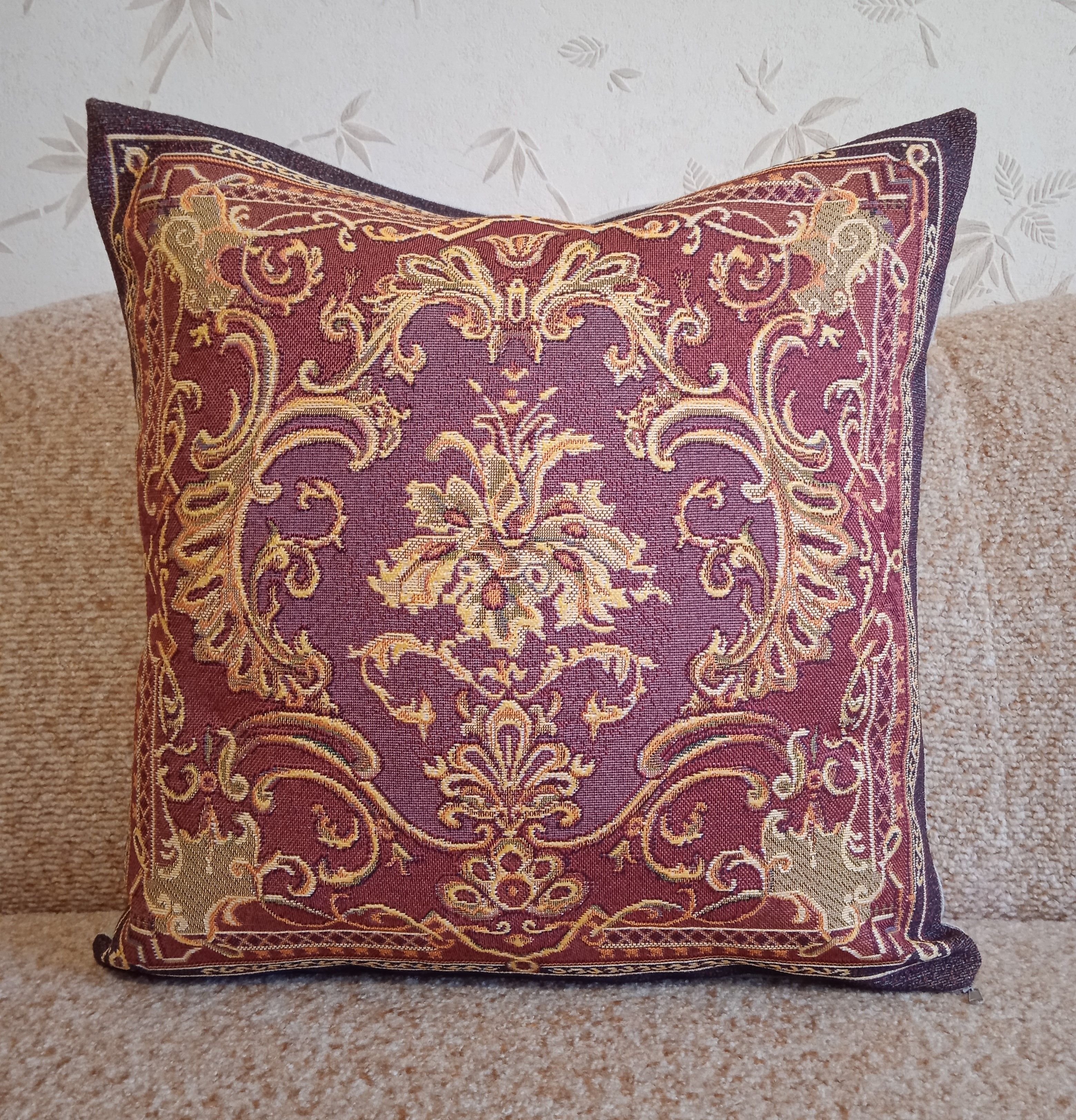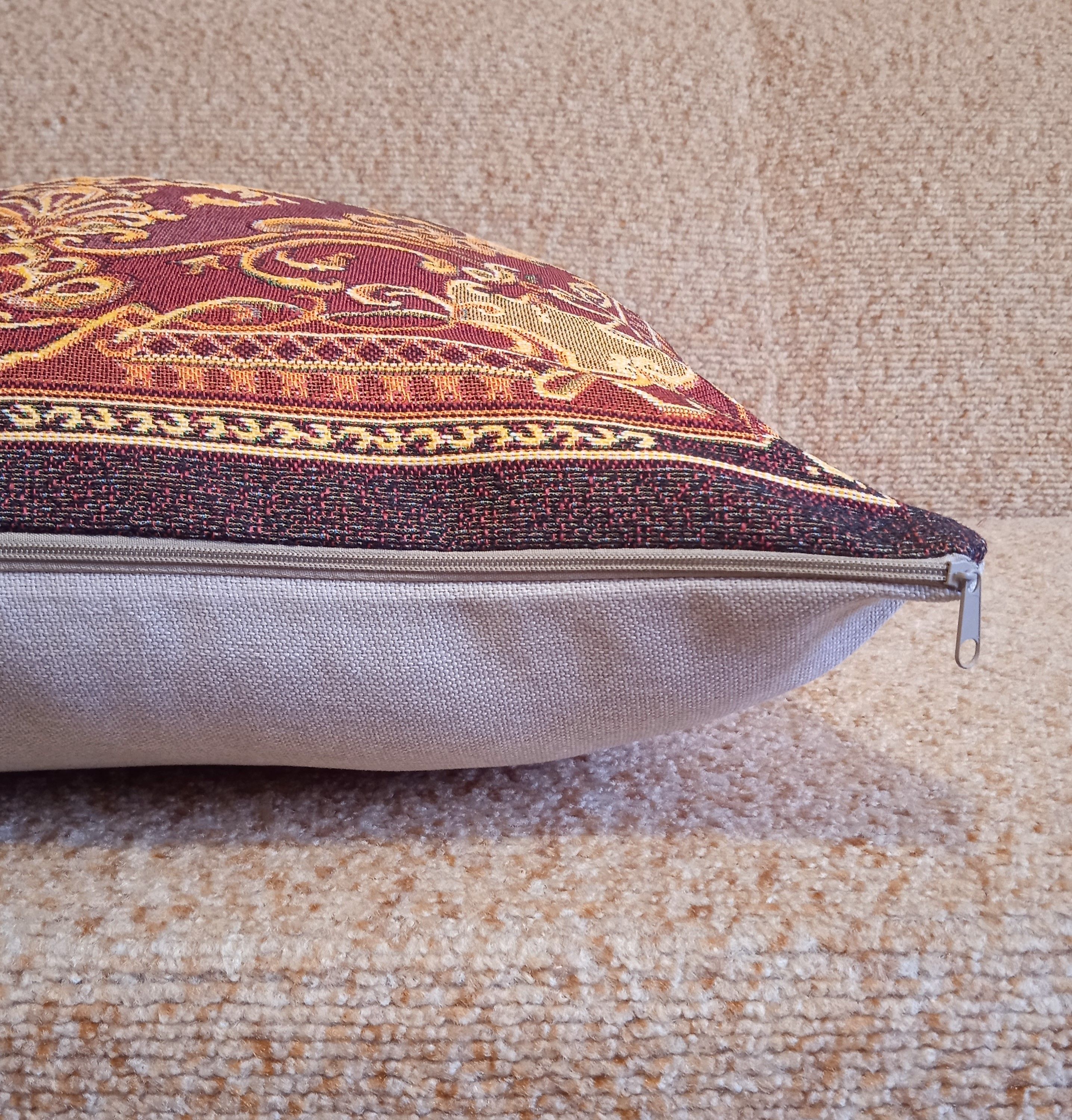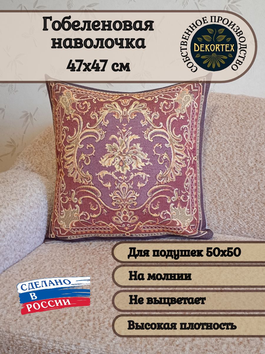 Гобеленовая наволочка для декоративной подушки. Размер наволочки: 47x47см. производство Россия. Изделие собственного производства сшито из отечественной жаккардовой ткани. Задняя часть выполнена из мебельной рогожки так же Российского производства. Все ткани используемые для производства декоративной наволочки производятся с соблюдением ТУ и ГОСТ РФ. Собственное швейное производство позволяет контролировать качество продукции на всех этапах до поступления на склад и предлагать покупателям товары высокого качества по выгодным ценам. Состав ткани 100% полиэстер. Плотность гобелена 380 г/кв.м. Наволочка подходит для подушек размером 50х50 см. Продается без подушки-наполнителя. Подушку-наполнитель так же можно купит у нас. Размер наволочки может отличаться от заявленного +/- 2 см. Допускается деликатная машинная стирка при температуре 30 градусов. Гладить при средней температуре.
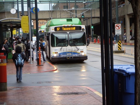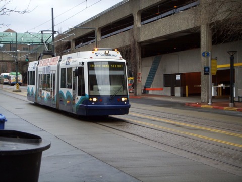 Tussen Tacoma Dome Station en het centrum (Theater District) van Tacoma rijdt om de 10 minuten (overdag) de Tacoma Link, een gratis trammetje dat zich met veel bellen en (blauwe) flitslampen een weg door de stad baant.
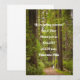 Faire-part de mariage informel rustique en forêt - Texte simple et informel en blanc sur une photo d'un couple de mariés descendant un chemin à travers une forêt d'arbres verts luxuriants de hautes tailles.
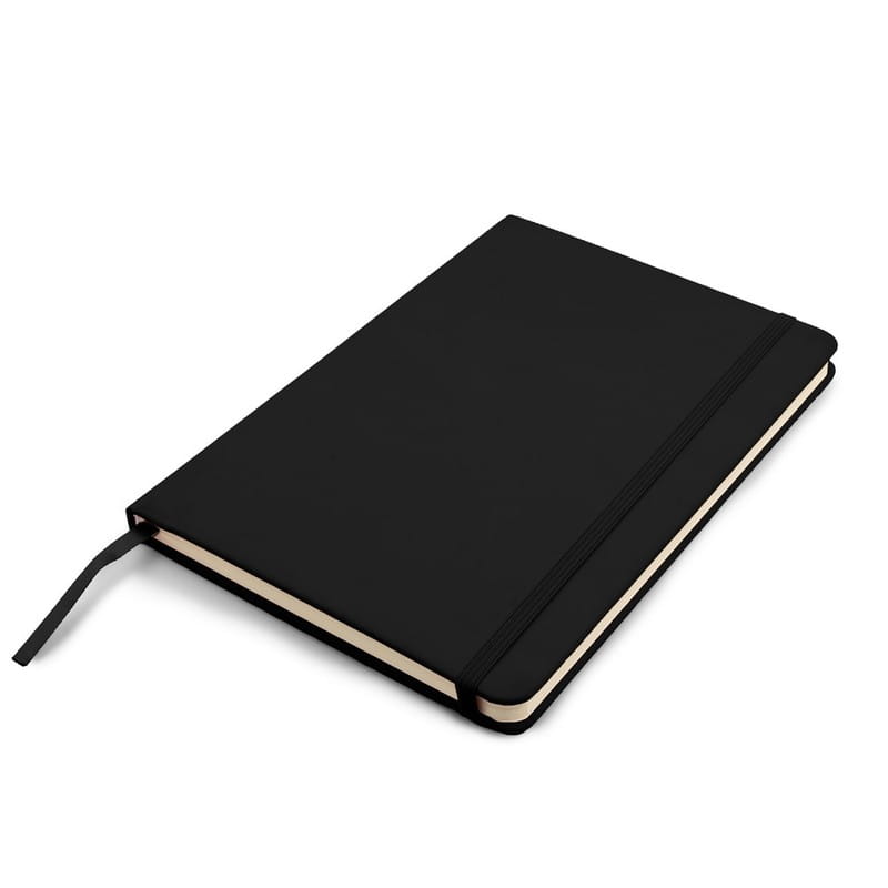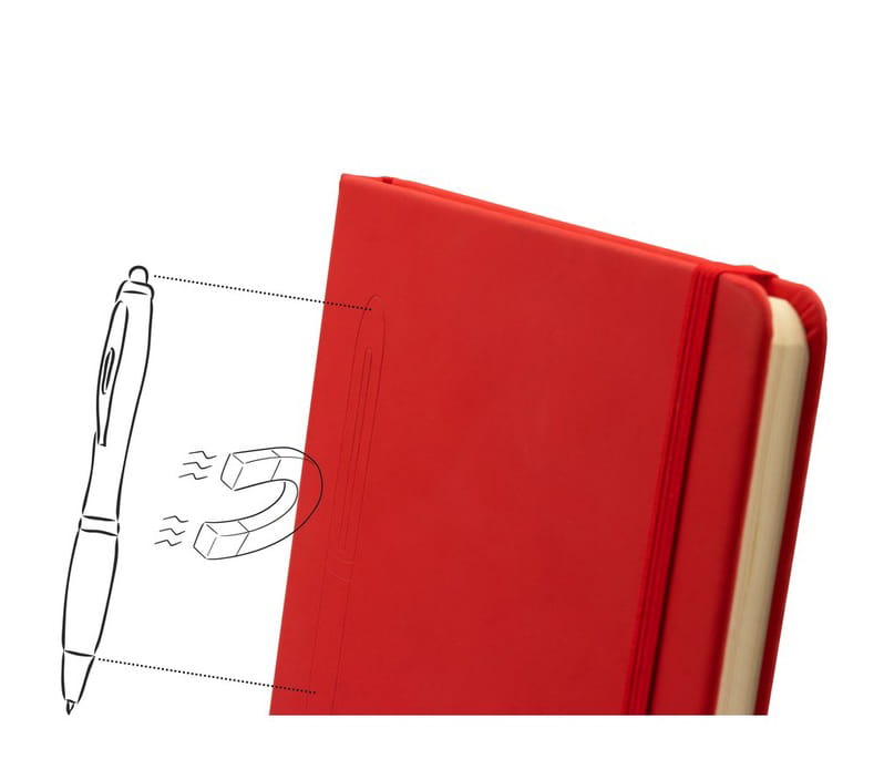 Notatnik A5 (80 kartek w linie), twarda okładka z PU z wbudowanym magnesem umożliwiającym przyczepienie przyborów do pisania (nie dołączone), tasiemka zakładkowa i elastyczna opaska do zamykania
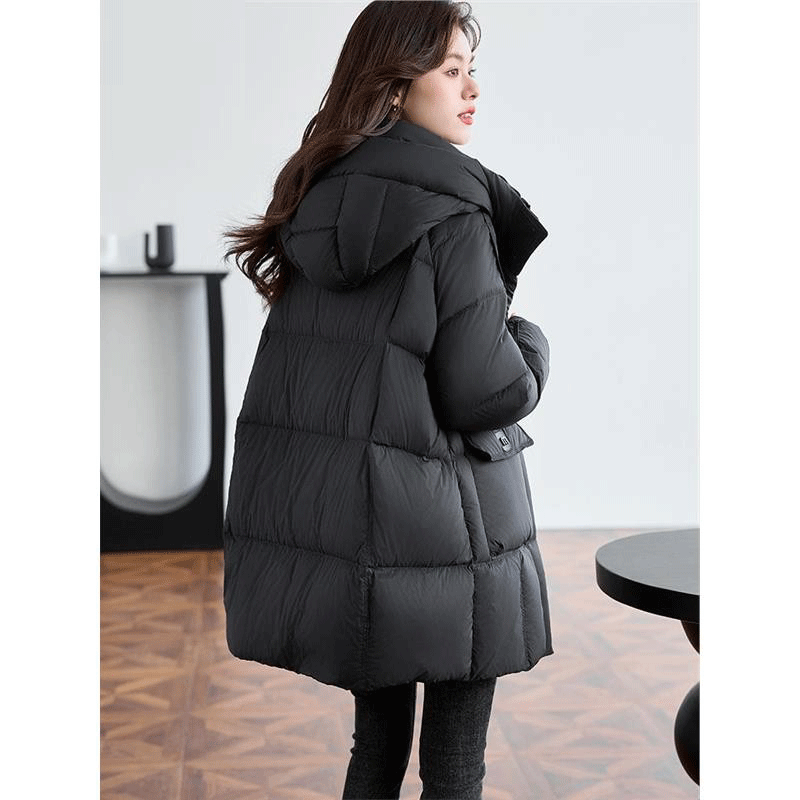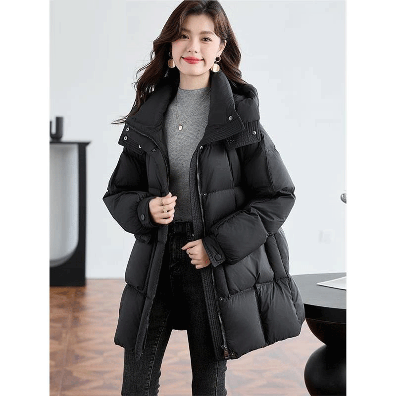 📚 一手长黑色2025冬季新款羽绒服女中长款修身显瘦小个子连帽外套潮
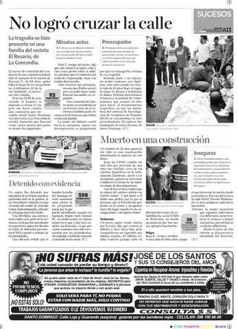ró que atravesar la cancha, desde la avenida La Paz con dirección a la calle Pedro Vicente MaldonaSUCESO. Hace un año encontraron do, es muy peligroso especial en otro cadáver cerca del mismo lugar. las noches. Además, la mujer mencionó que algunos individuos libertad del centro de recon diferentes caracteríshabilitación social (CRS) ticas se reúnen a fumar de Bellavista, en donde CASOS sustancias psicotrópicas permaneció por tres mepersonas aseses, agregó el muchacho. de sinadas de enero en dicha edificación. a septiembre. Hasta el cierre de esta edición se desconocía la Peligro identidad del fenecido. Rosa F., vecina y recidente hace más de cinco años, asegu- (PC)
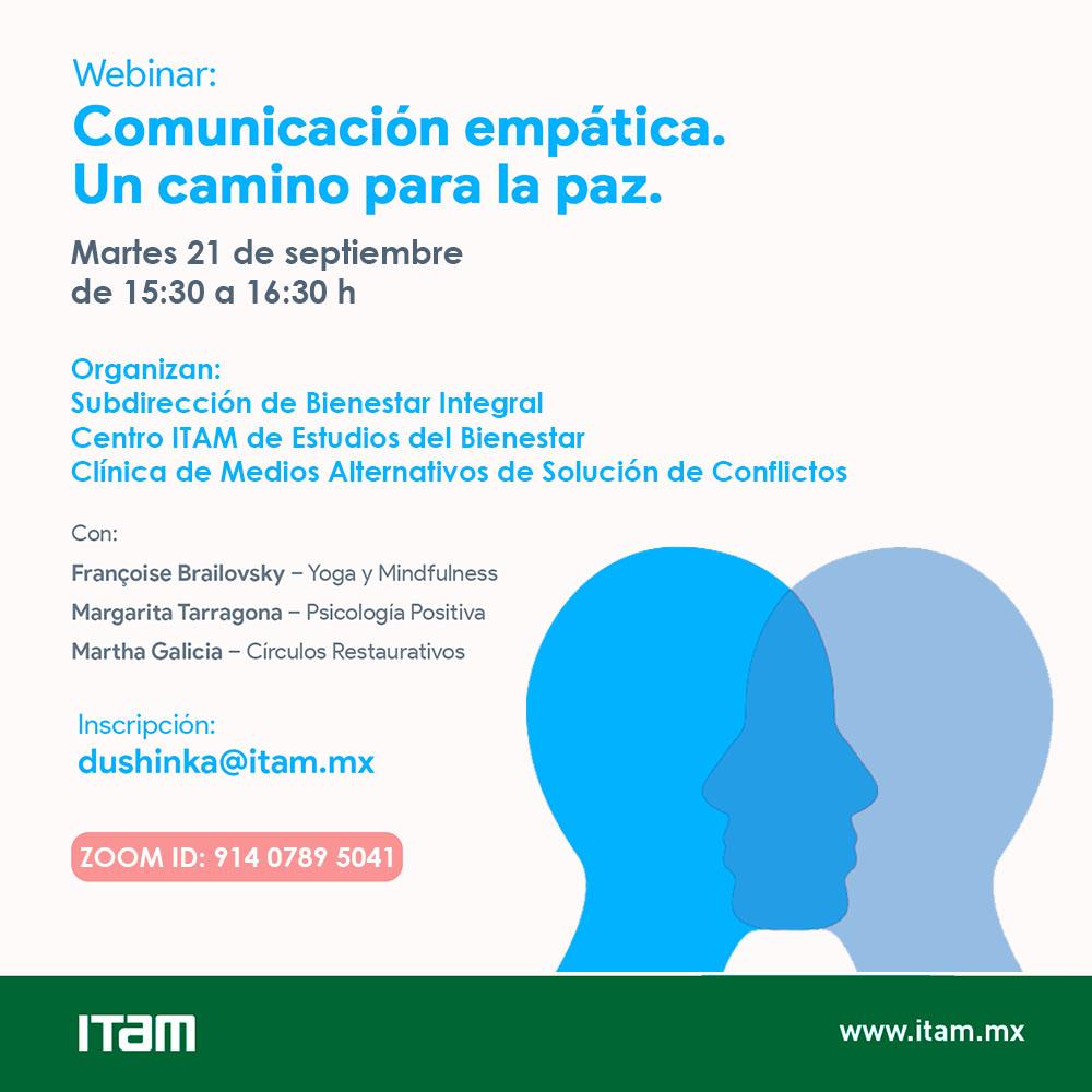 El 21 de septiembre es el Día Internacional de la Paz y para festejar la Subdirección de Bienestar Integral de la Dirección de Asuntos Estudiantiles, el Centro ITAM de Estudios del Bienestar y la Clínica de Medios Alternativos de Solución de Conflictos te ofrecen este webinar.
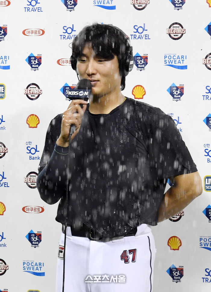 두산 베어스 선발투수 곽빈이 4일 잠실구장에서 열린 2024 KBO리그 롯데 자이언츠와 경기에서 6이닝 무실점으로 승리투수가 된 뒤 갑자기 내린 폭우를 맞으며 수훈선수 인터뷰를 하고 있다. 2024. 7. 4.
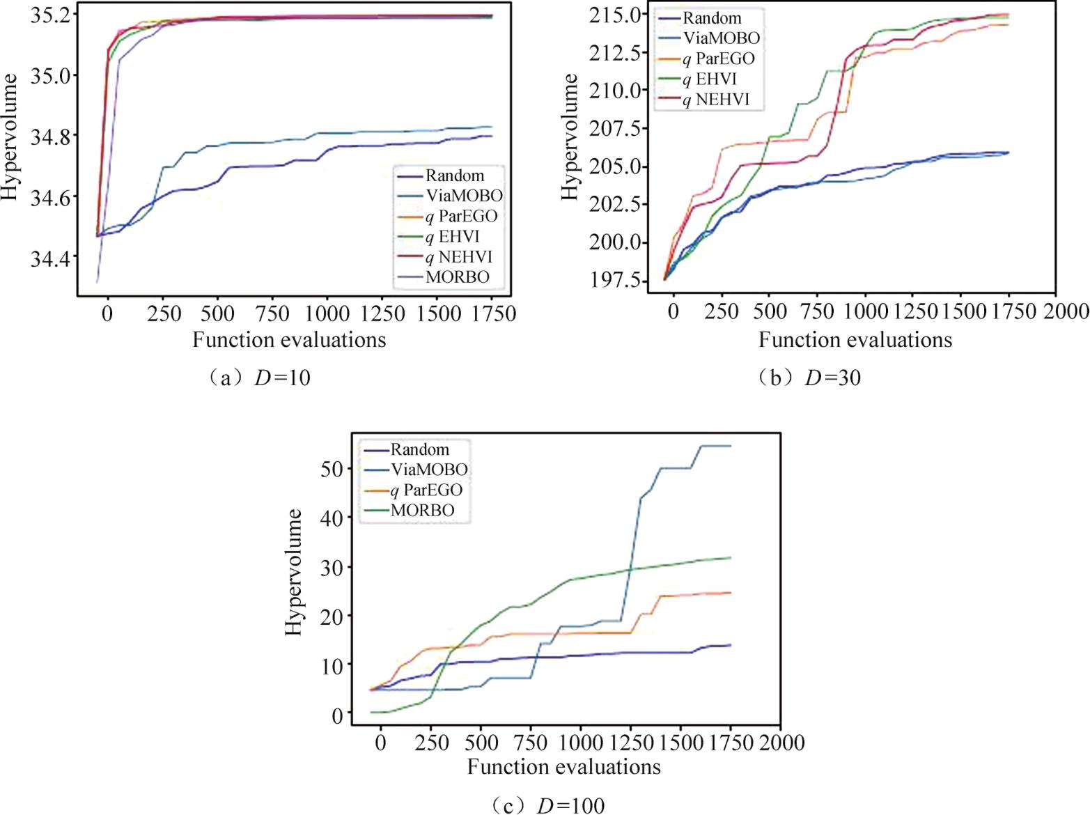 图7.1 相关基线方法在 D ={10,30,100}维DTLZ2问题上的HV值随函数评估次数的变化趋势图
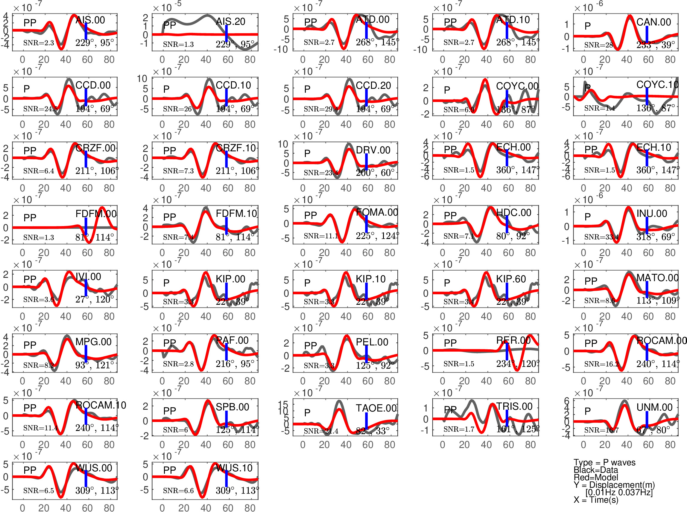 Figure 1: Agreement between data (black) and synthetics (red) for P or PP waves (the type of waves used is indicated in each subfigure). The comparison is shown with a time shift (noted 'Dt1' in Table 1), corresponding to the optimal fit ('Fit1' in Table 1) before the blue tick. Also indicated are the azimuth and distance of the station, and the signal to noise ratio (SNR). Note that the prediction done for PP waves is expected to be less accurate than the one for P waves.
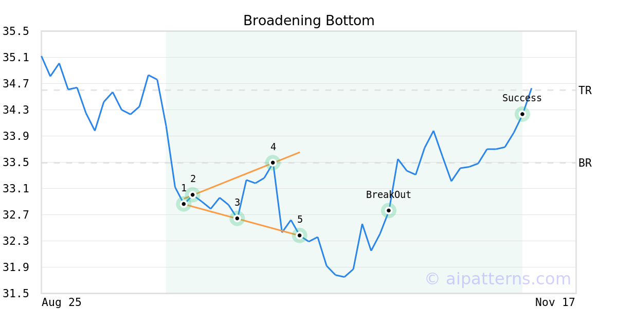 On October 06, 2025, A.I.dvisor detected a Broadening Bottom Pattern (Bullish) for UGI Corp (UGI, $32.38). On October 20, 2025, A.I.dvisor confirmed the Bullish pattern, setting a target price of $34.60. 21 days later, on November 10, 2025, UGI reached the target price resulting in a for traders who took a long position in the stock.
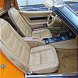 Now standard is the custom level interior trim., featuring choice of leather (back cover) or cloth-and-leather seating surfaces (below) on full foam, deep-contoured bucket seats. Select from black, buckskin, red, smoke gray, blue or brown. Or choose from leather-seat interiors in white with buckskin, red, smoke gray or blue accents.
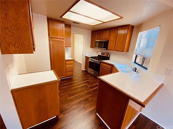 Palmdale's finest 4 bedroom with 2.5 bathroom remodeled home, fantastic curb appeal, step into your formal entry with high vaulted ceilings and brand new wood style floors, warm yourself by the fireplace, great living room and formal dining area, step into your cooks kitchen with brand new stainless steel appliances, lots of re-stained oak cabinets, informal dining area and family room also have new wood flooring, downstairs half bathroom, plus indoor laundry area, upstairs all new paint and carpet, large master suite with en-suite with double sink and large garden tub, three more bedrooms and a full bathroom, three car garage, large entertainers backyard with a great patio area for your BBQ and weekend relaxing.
▬▬▬▬▬▬▬▬▬▬
YOUR OBJECTIVE: Set down the material once more, exactly, with the pictures omitted.

SOLUTION TO THIS EXERCISE:
 Гобеленовая наволочка для декоративной подушки. Размер наволочки: 47x47см. производство Россия. Изделие собственного производства сшито из отечественной жаккардовой ткани. Задняя часть выполнена из мебельной рогожки так же Российского производства. Все ткани используемые для производства декоративной наволочки производятся с соблюдением ТУ и ГОСТ РФ. Собственное швейное производство позволяет контролировать качество продукции на всех этапах до поступления на склад и предлагать покупателям товары высокого качества по выгодным ценам. Состав ткани 100% полиэстер. Плотность гобелена 380 г/кв.м. Наволочка подходит для подушек размером 50х50 см. Продается без подушки-наполнителя. Подушку-наполнитель так же можно купит у нас. Размер наволочки может отличаться от заявленного +/- 2 см. Допускается деликатная машинная стирка при температуре 30 градусов. Гладить при средней температуре.
 Tussen Tacoma Dome Station en het centrum (Theater District) van Tacoma rijdt om de 10 minuten (overdag) de Tacoma Link, een gratis trammetje dat zich met veel bellen en (blauwe) flitslampen een weg door de stad baant.
 Faire-part de mariage informel rustique en forêt - Texte simple et informel en blanc sur une photo d'un couple de mariés descendant un chemin à travers une forêt d'arbres verts luxuriants de hautes tailles.
 Notatnik A5 (80 kartek w linie), twarda okładka z PU z wbudowanym magnesem umożliwiającym przyczepienie przyborów do pisania (nie dołączone), tasiemka zakładkowa i elastyczna opaska do zamykania
 📚 一手长黑色2025冬季新款羽绒服女中长款修身显瘦小个子连帽外套潮
ró que atravesar la cancha, desde la avenida La Paz con dirección a la calle Pedro Vicente MaldonaSUCESO. Hace un año encontraron do, es muy peligroso especial en otro cadáver cerca del mismo lugar. las noches. Además, la mujer mencionó que algunos individuos libertad del centro de recon diferentes caracteríshabilitación social (CRS) ticas se reúnen a fumar de Bellavista, en donde CASOS sustancias psicotrópicas permaneció por tres mepersonas aseses, agregó el muchacho. de sinadas de enero en dicha edificación. a septiembre. Hasta el cierre de esta edición se desconocía la Peligro identidad del fenecido. Rosa F., vecina y recidente hace más de cinco años, asegu- (PC)
 El 21 de septiembre es el Día Internacional de la Paz y para festejar la Subdirección de Bienestar Integral de la Dirección de Asuntos Estudiantiles, el Centro ITAM de Estudios del Bienestar y la Clínica de Medios Alternativos de Solución de Conflictos te ofrecen este webinar.
 두산 베어스 선발투수 곽빈이 4일 잠실구장에서 열린 2024 KBO리그 롯데 자이언츠와 경기에서 6이닝 무실점으로 승리투수가 된 뒤 갑자기 내린 폭우를 맞으며 수훈선수 인터뷰를 하고 있다. 2024. 7. 4.
 图7.1 相关基线方法在 D ={10,30,100}维DTLZ2问题上的HV值随函数评估次数的变化趋势图
 Figure 1: Agreement between data (black) and synthetics (red) for P or PP waves (the type of waves used is indicated in each subfigure). The comparison is shown with a time shift (noted 'Dt1' in Table 1), corresponding to the optimal fit ('Fit1' in Table 1) before the blue tick. Also indicated are the azimuth and distance of the station, and the signal to noise ratio (SNR). Note that the prediction done for PP waves is expected to be less accurate than the one for P waves.
 On October 06, 2025, A.I.dvisor detected a Broadening Bottom Pattern (Bullish) for UGI Corp (UGI, $32.38). On October 20, 2025, A.I.dvisor confirmed the Bullish pattern, setting a target price of $34.60. 21 days later, on November 10, 2025, UGI reached the target price resulting in a for traders who took a long position in the stock.
 Now standard is the custom level interior trim., featuring choice of leather (back cover) or cloth-and-leather seating surfaces (below) on full foam, deep-contoured bucket seats. Select from black, buckskin, red, smoke gray, blue or brown. Or choose from leather-seat interiors in white with buckskin, red, smoke gray or blue accents.
 Palmdale's finest 4 bedroom with 2.5 bathroom remodeled home, fantastic curb appeal, step into your formal entry with high vaulted ceilings and brand new wood style floors, warm yourself by the fireplace, great living room and formal dining area, step into your cooks kitchen with brand new stainless steel appliances, lots of re-stained oak cabinets, informal dining area and family room also have new wood flooring, downstairs half bathroom, plus indoor laundry area, upstairs all new paint and carpet, large master suite with en-suite with double sink and large garden tub, three more bedrooms and a full bathroom, three car garage, large entertainers backyard with a great patio area for your BBQ and weekend relaxing.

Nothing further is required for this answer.